=== To do ===
Look for the word "рангів" in the entries and copy every line where it shows up.

=== Information ===
===
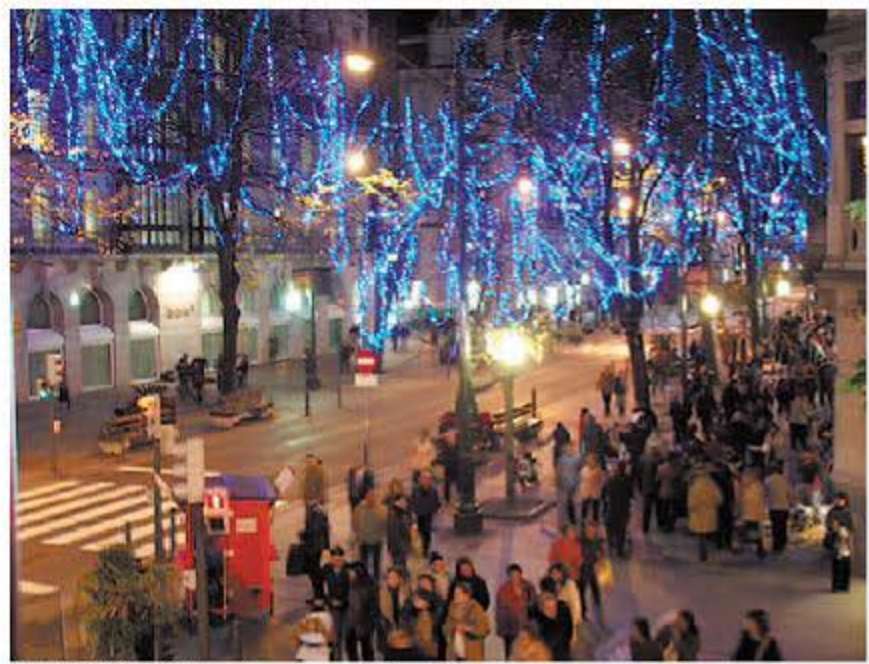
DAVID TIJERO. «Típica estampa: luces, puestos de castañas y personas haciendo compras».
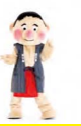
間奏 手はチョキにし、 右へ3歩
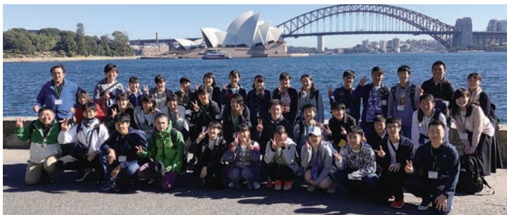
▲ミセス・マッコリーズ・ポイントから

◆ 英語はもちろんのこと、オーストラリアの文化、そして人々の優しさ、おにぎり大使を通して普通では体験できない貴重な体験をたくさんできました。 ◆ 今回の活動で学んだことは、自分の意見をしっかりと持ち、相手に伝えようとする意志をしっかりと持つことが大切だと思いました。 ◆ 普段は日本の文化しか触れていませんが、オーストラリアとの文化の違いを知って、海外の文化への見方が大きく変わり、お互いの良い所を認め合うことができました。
===
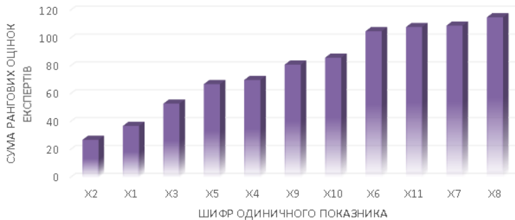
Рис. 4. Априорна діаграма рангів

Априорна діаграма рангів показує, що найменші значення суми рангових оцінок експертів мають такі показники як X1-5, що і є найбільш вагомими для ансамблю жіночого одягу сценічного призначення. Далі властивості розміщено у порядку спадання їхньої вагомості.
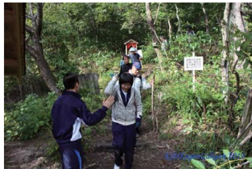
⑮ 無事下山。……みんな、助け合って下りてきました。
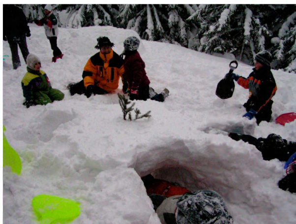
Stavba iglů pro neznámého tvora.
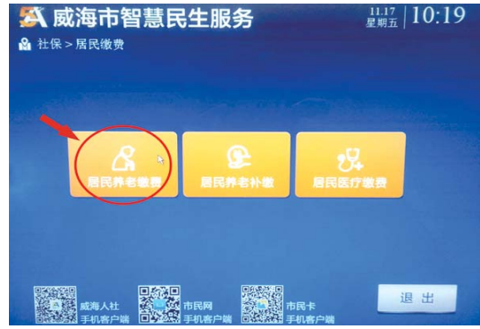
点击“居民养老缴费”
===
=== Output for this task ===
Рис. 4. Априорна діаграма рангів
Априорна діаграма рангів показує, що найменші значення суми рангових оцінок експертів мають такі показники як X1-5, що і є найбільш вагомими для ансамблю жіночого одягу сценічного призначення. Далі властивості розміщено у порядку спадання їхньої вагомості.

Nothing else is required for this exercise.